Вспоминая о своей службе в Книжной палате, Ходасевич задерживает внимание не только на понятных и естественных для той поры трудностях (нетопленые комнаты, отсутствие канцелярских принадлежностей, необязательность типографий и т. д.), но и на нескольких колоритных библиографических эпизодах. Один из них связан с близким Ходасевичу человеком. Михаил Гершензон допустил непростительную для ученого его уровня оплошность, приняв переписанный рукой Пушкина текст Жуковского за пушкинский.
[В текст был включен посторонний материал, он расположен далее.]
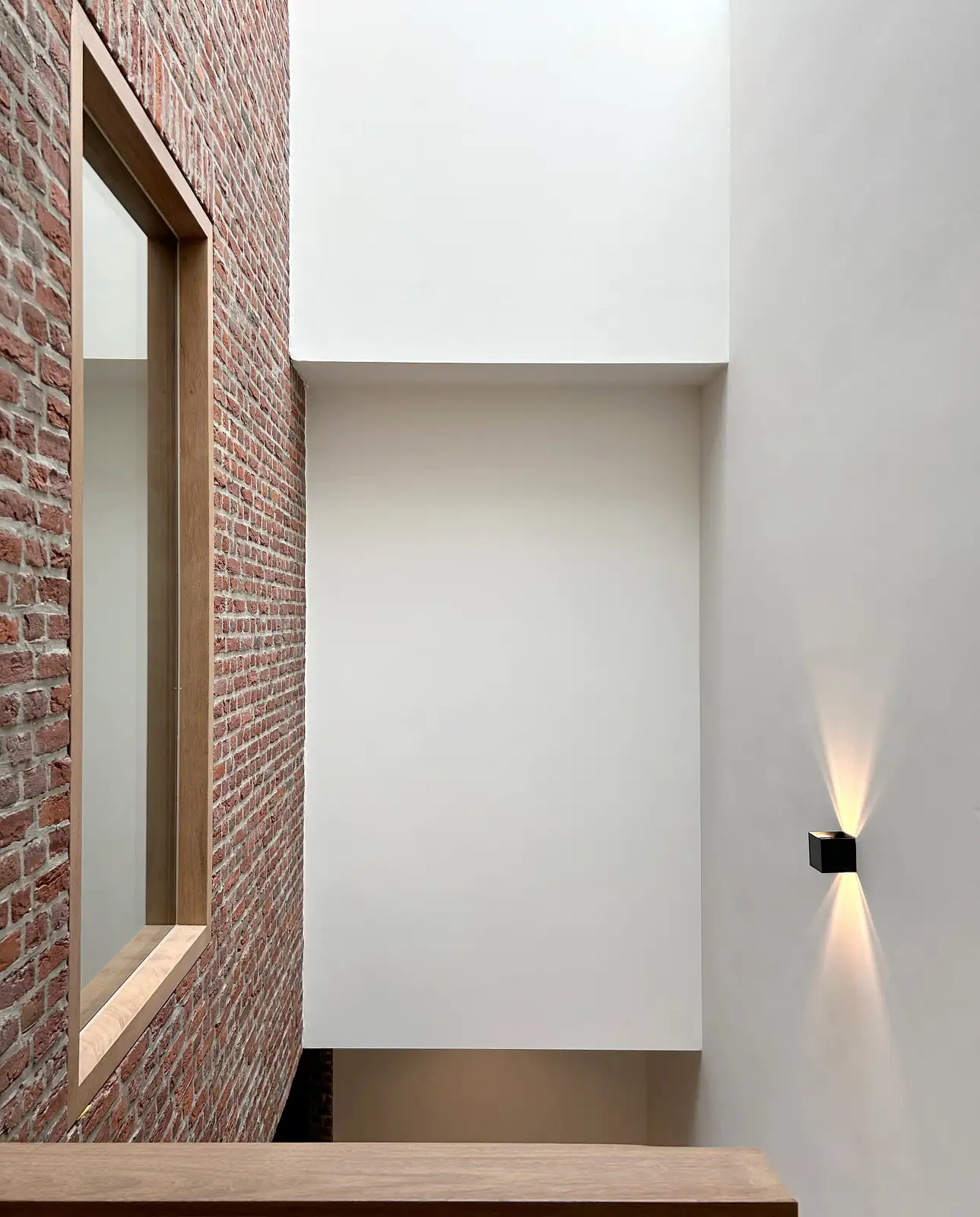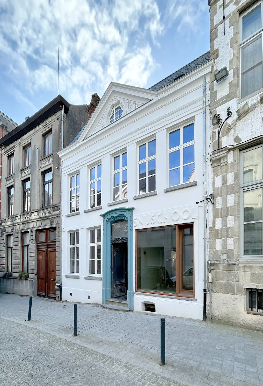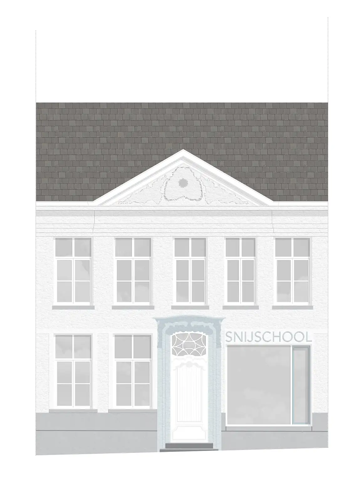 A 16th-century front and rear house were merged at the end of the 18th century in a classic Rococo style. In the 20th century, the building was converted into the Snijschool (cutting and sewing school), during which it was completely silted up. The dilapidated building has been thoroughly renovated into two offices and two residential units. The original layout of the front and rear houses has been respected. The historic oak grilles and plastered mantelpieces have been preserved and restored. At the centre of the building, a new vertical light well around which the stairs circulate brings natural light to the ground floor. The 20th-century incision with the large “SNIJSCHOOL” window has been retained, but the vertical windows have not been reconstructed. In the rear façade, the old rear house is still present on one side, with a new wooden infill with large windows and terraces next to it, giving a contemporary touch to the living and office spaces.

Узнав об ошибке, он вырезал страницы со злосчастной статьей «Скрижаль Пушкина» во всех экземплярах «Мудрости Пушкина», предназначенных для продажи, и попросил Ходасевича задержать отправку обязательных экземпляров в библиотеки. Но Ходасевич не успел исполнить его просьбу: по библиотекам «Мудрость Пушкина» пошла в неурезанном виде. Другой эпизод связан с книгой Николая Бухарина «Экономика переходного периода». «Любимец партии», в то время еще не «правый уклонист», а «левый коммунист», в этой работе, написанной в разгар так называемой «дискуссии о профсоюзах», выражал мысли, не во всем совпадающие с точкой зрения Ленина, который, между прочим, испещрил книгу своими пометками. Желая сгладить противоречия, Бухарин посвятил книгу Ленину и поместил в ней его портрет. Ленин, узнав об этом, рассердился — и из всех экземпляров книги портрет и посвящение вырезали. Ходасевича должно было позабавить такое сочетание политического всевластия с характерно литераторскими приемами и привычками. В отношениях большевистских вождей были нюансы, напоминающие… ну, хотя бы отношения Белого и Брюсова.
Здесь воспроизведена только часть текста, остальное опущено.